== Segment start ==
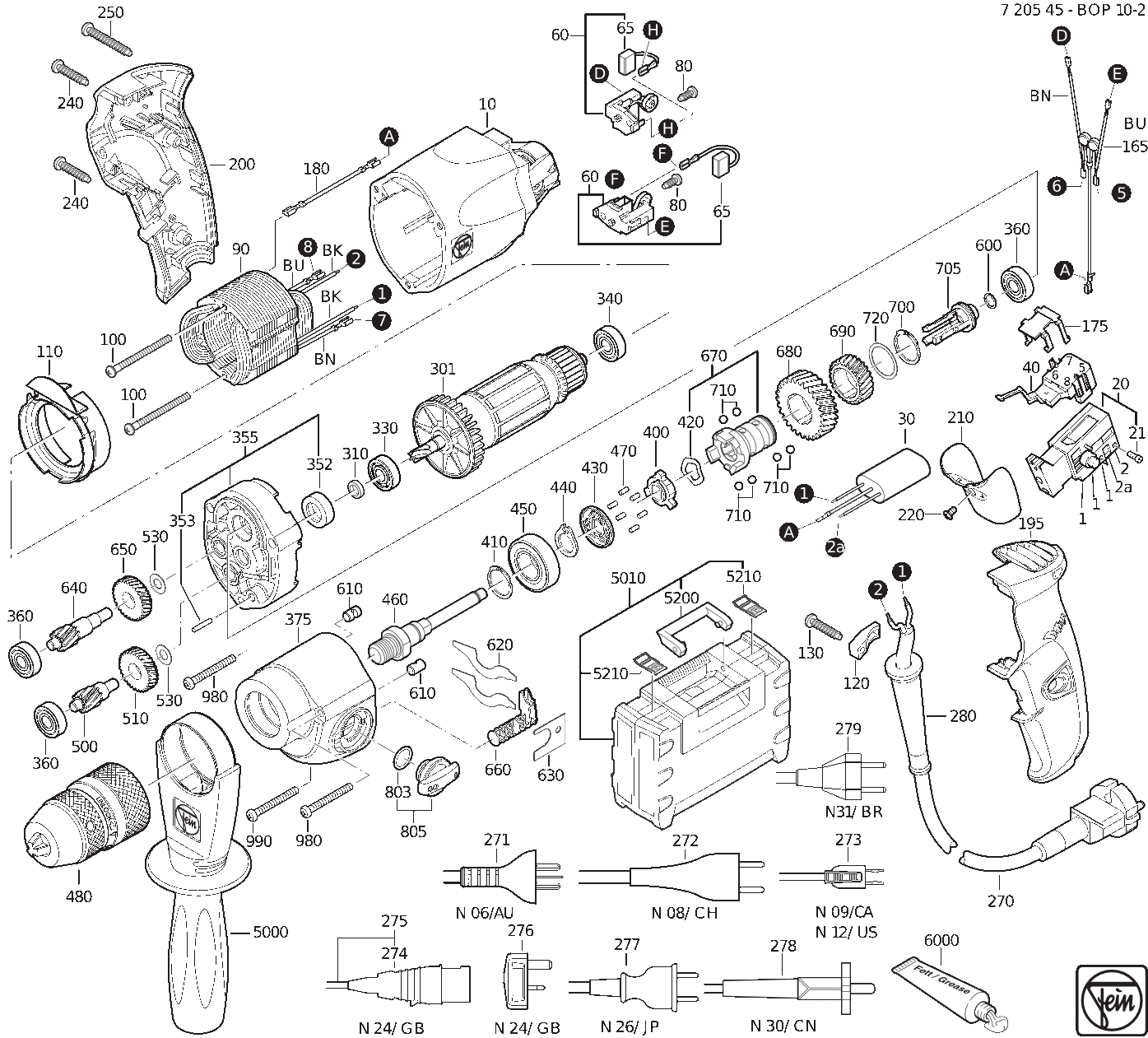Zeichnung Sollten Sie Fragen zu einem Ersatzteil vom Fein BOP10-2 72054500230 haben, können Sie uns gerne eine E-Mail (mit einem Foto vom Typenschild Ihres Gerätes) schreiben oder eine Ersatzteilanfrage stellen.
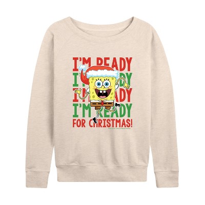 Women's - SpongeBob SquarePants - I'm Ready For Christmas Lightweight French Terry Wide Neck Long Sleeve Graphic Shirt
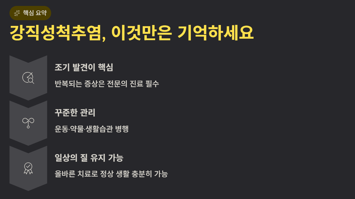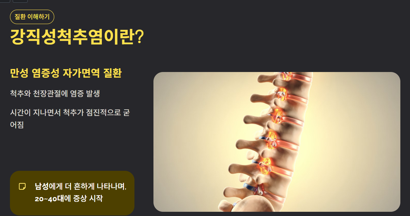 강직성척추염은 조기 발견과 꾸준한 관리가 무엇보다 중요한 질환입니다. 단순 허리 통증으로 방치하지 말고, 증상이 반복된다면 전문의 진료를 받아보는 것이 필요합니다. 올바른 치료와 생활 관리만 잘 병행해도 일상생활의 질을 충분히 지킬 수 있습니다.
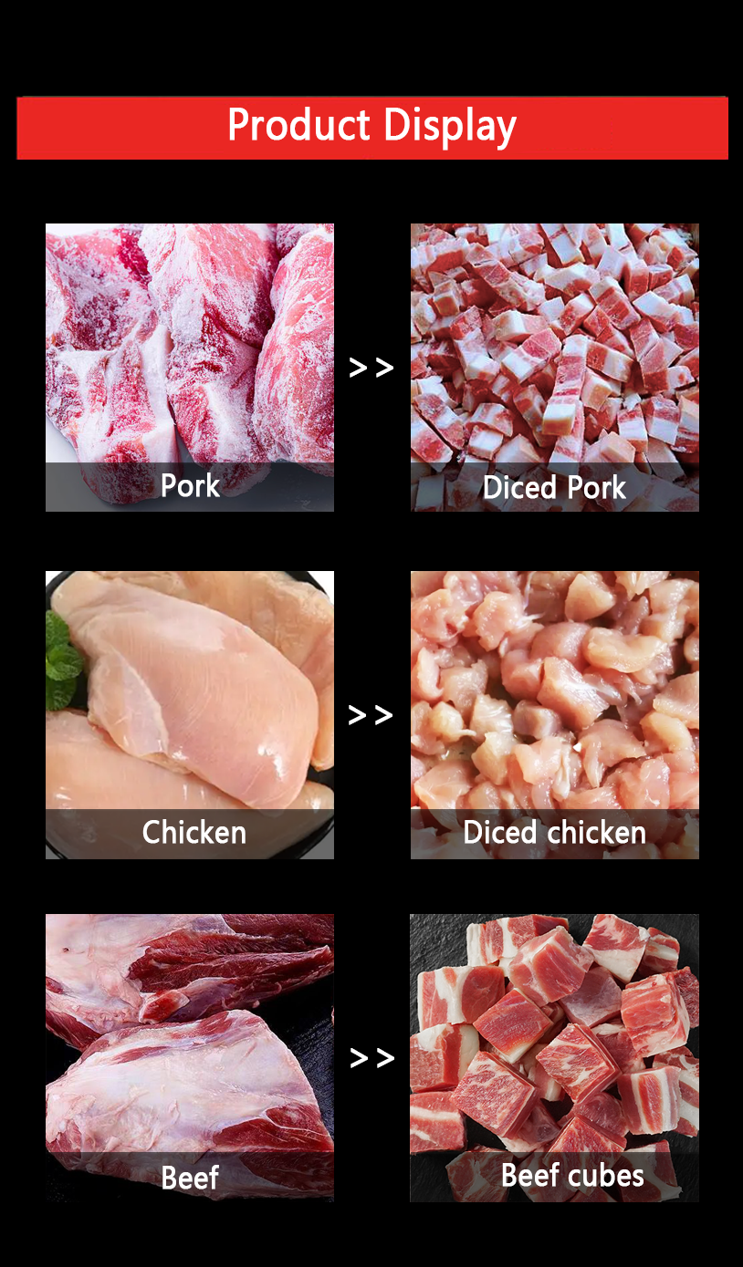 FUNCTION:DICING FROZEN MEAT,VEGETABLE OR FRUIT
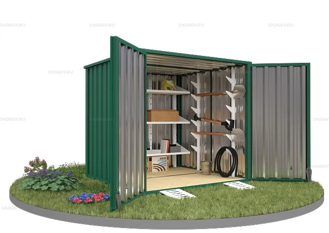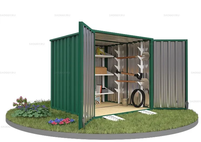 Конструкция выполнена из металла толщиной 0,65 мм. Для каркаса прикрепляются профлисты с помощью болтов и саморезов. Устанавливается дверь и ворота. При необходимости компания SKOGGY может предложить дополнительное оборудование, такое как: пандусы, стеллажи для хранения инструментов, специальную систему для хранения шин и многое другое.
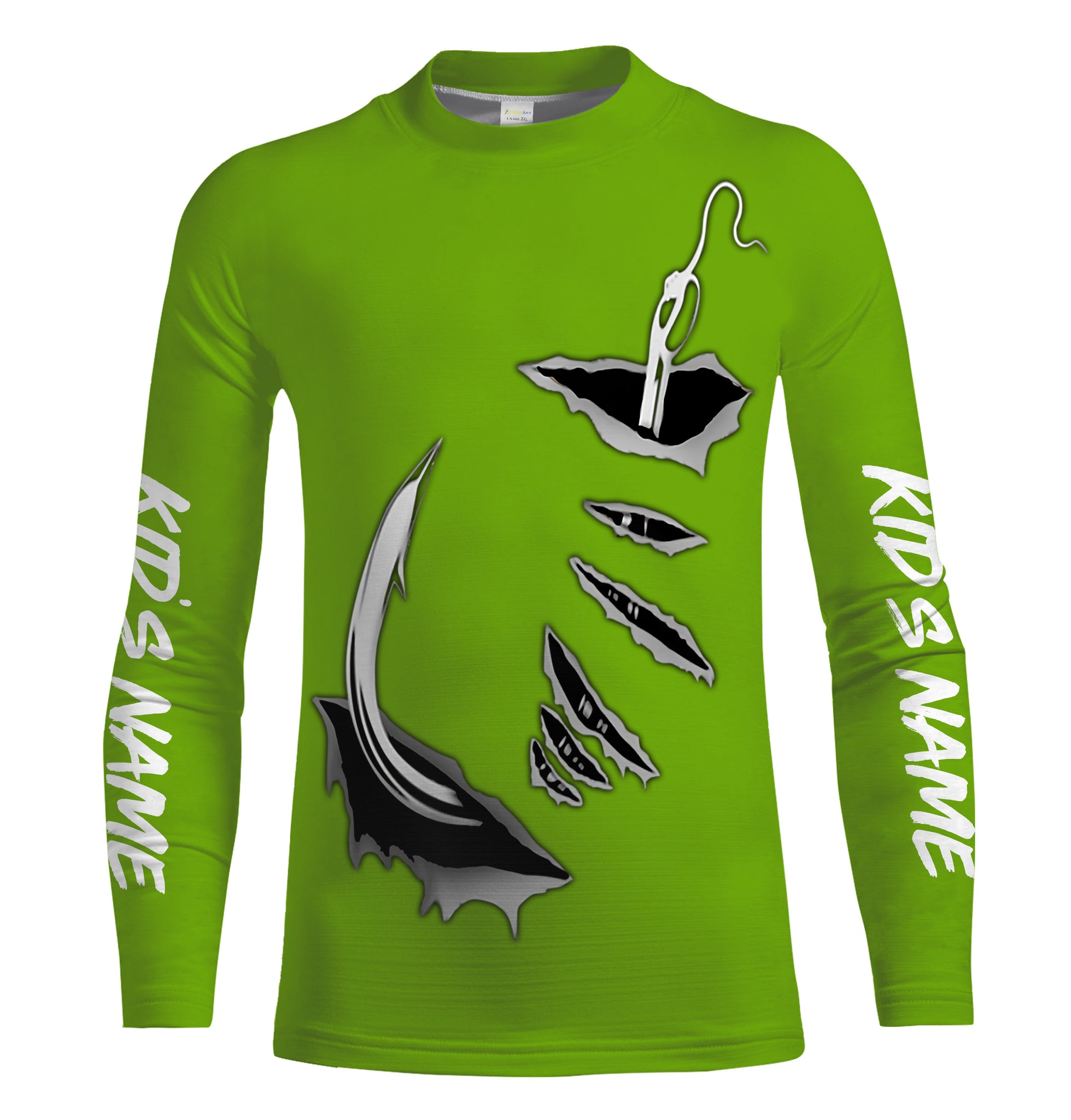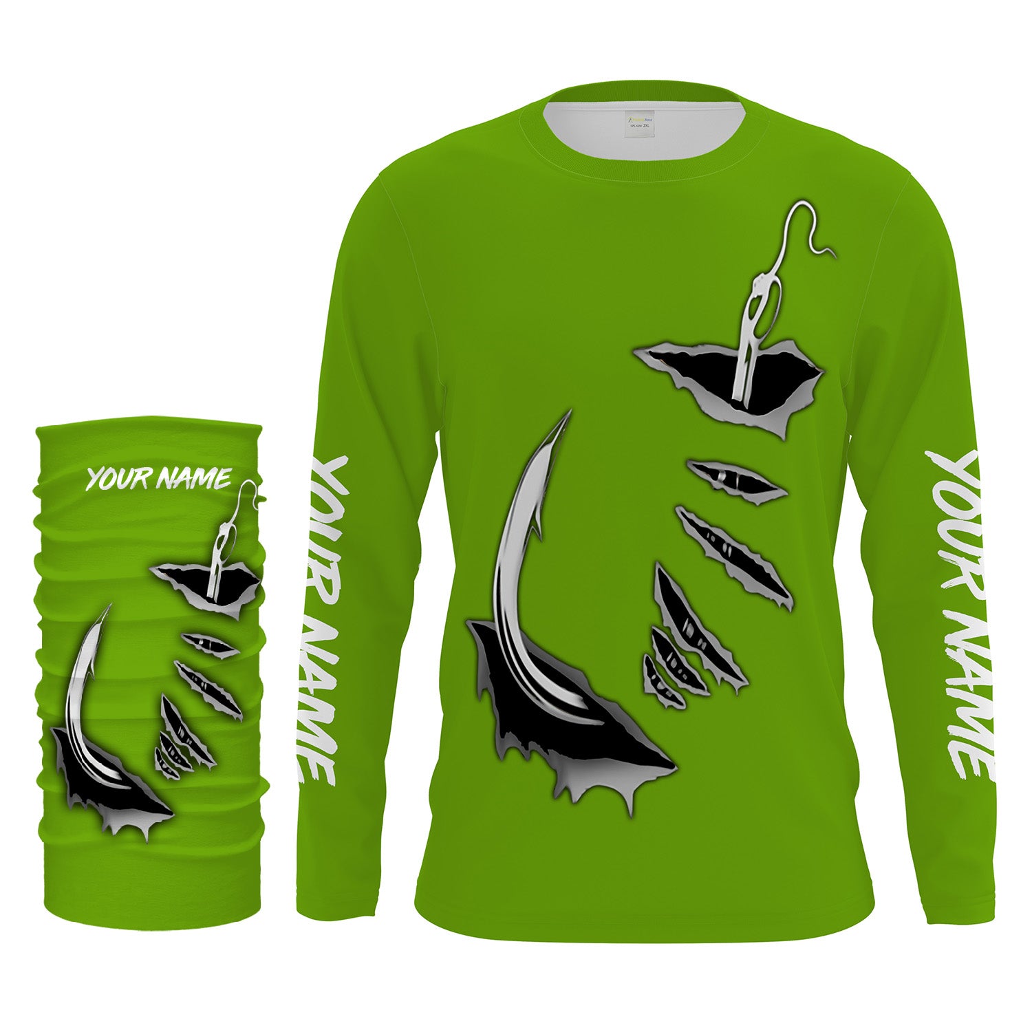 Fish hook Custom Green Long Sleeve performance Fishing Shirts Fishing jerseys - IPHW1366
== Segment end ==
» Work order
Give back the material above exactly as it appears, minus the pictures.

» Response to this exercise
Zeichnung Sollten Sie Fragen zu einem Ersatzteil vom Fein BOP10-2 72054500230 haben, können Sie uns gerne eine E-Mail (mit einem Foto vom Typenschild Ihres Gerätes) schreiben oder eine Ersatzteilanfrage stellen.
 Women's - SpongeBob SquarePants - I'm Ready For Christmas Lightweight French Terry Wide Neck Long Sleeve Graphic Shirt
 강직성척추염은 조기 발견과 꾸준한 관리가 무엇보다 중요한 질환입니다. 단순 허리 통증으로 방치하지 말고, 증상이 반복된다면 전문의 진료를 받아보는 것이 필요합니다. 올바른 치료와 생활 관리만 잘 병행해도 일상생활의 질을 충분히 지킬 수 있습니다.
 FUNCTION:DICING FROZEN MEAT,VEGETABLE OR FRUIT
 Конструкция выполнена из металла толщиной 0,65 мм. Для каркаса прикрепляются профлисты с помощью болтов и саморезов. Устанавливается дверь и ворота. При необходимости компания SKOGGY может предложить дополнительное оборудование, такое как: пандусы, стеллажи для хранения инструментов, специальную систему для хранения шин и многое другое.
 Fish hook Custom Green Long Sleeve performance Fishing Shirts Fishing jerseys - IPHW1366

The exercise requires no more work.